Jones v. Williams
Decision Date | 25 March 1948 |
Docket Number | 2421 |
Citation | 58 A.2d 57,358 Pa. 559 |
Parties | Jones et vir, Appellants, v. Williams et al |
Court | Pennsylvania Supreme Court |
Argued January 7, 1948
Appeals, Nos. 67 and 82, Jan. T., 1948, from order of C.P No. 7, Phila. Co., June T., 1946, No. 3120, in case of Sarah D. Jones et vir v. Patrick Williams et al. Order reversed.
Trespass for personal injuries. Before PARRY, J.
Verdict for plaintiffs in the sum of $5000 against original defendant and in favor of additional defendant; original defendant's motion for new trial granted. Plaintiffs appealed.
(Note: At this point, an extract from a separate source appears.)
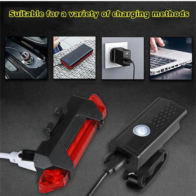 Product Features: Super Bright Bike Lights: Include Front Cycling Light and Back Light Front light has 3 modes-High/Low/Flashing,torch light with bike clamp, Button switch. Special designed light beam produces powerful lumen and generates a brilliant floodlight for Large area without wasting energy. USB rechargeable: Built in Rechargeable Li-ion battery, easily charged from your computer or any device with a USB port. 360º Visibility: Safety set for riding at night.Both a headlight and a tail light making your bicycle stand out with unmatched 360º visibility so you and your loved ones are safer in any low light conditions. Durable bike lights-Durable aluminum body, shock-resistance endure rough handling. Do not be afraid of the rough road. Waterproof: IP65-rated water resistant and designed for use in heavy rain and outside riding. Mini design ,lightweight,space-saving. A perfect gift for yourself or friend Installations: Easy to install with no tool required The fla shlight is easy to install on the bicycle with the adjusta ble bracket(3 small holes to adjust) without detach the mount from the bike. Specification: Condition: 100% Brand New and High Quality ! Type: Bicycle Light Materials: Aluminum alloy+Rubber Color: Black headlight+Red tail light Charging Method: USB Rechargeable Headlight Light Modes: (High/Low/Flashing) Taillight Light Modes: (Slide-Flashing-Always on) Waterproof Rate: IP65 Power Indicator: Battery Indicator LED flashes when battery power is low giving you time to lower light mode and conserve power. Mode Memory Function: returns to the mode last selected before powering down. Application: for cycling, hiking, camping, or any outdoor activity Package Includes: 2 x Front Light 2 x Back Light 4 x USB Cable 4 x O-ring

The order of the court below granting a new trial is reversed.
William M. Keenan , with him Pepper, Bodine & Stokes for plaintiffs.
Howard R. Detweiler , with him Frank R. Ambler , for defendant.
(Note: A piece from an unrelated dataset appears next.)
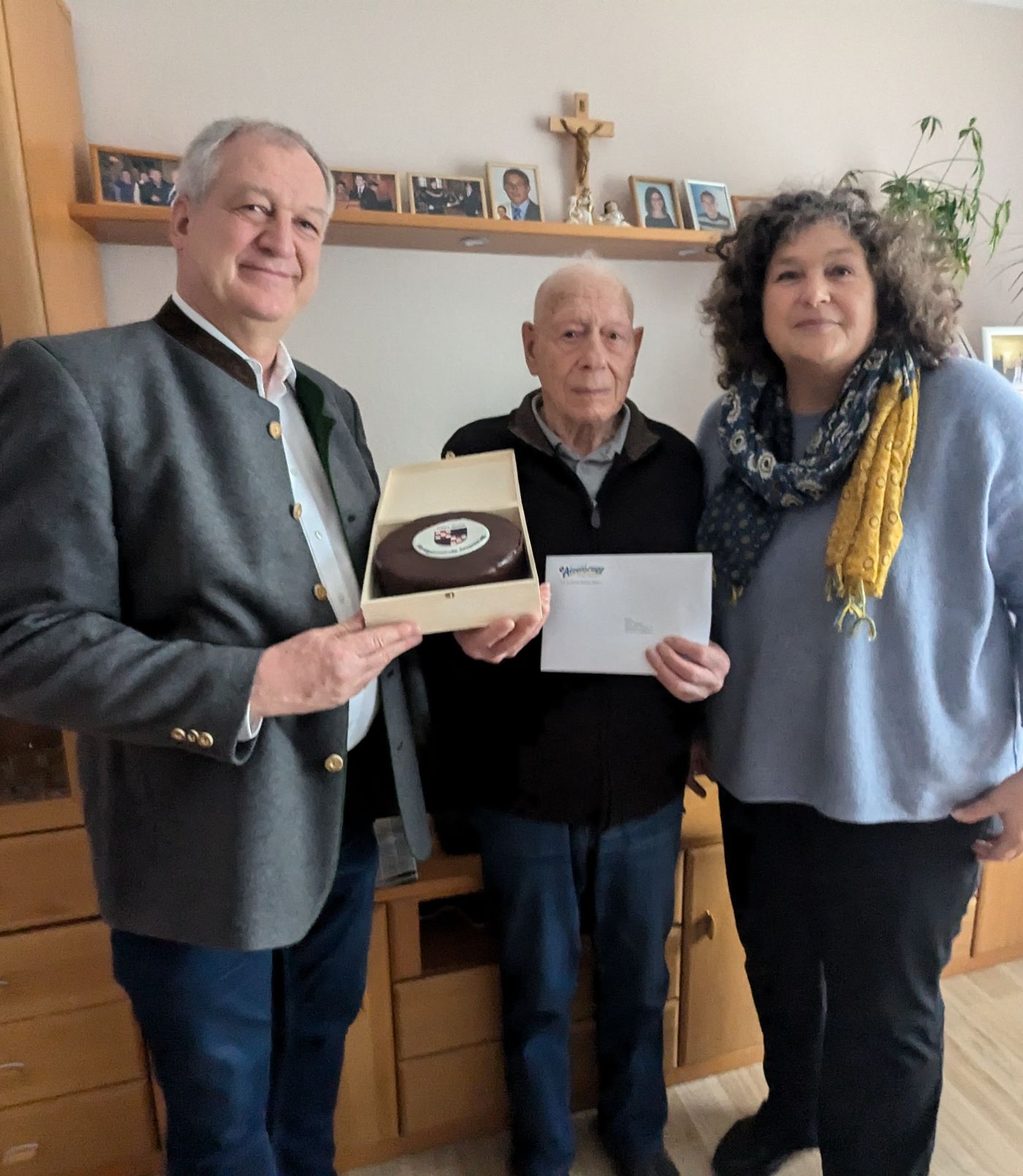 Personen von l. nach re: GR Rainer Keiblinger, Jubilar Alois Stiegler und BGM Beate Jilch

Todd Daniel , with him Henry Temin , for additional defendant.
Before MAXEY, C.J., DREW, LINN, STERN, STEARNE and JONES, JJ.
In an action in trespass for personal injuries sustained in an automobile accident, Sarah D. Jones, wifeplaintiff, recovered a verdict for $5,000 against Patrick Williams, original defendant. The jury exonerated the additional defendant, John W. Jones. A motion for a new trial was filed by the original defendant. In granting the motion, the court said: Plaintiffs and additional defendant appealed from the court's order.
On April 16, 1946, the additional defendant, John W. Jones, was operating in a northwardly direction on 11th Street, Philadelphia, a passenger car owned by his father Albert R. Jones and occupied by both parents, co-plaintiffs. At the intersection of 11th and Callowhill Streets, defendant's truck, which was traveling in an eastwardly direction on Callowhill Street, sideswiped with plaintiff's car causing damage to it and injuries to Sarah D. Jones. John W. Jones testified he was proceeding north on 11th Street at 11:30 A.M. on a clear day at a speed of 8 to 10 miles an hour. On the intersecting Southwest corner, there was a bridge abutment and also parked cars, which obstructed the driver's view. He could not see west on Callowhill Street until he was at the curbline. Upon reaching the corner of 11th and Callowhill Streets, he reduced his speed to 6 miles an hour and proceeded into the intersection about 8 to 10 feet when he saw about 25 feet from him defendant's truck approaching at a rate of speed of 16 to 18 miles an hour. Its "path" was 5 or 6 feet from Jones' car. When Jones first observed it, the truck was about 5 feet past a "Stop Sign" located 20 feet west of the west curbline of 11th Street. Jones testified that the truck "hadn't stopped, didn't make any attempt to stop at the Stop Sign, so my first impulse was to try to give it the gas, get across but I realized it was too late for that, so I swerved right and threw on my brakes; I thought there was a possibility he could swerve --".
The original defendant's negligence is not challenged in this appeal. The issue is whether or not the court erred in ordering a new trial because the court believed that the facts called for a verdict against both defendants.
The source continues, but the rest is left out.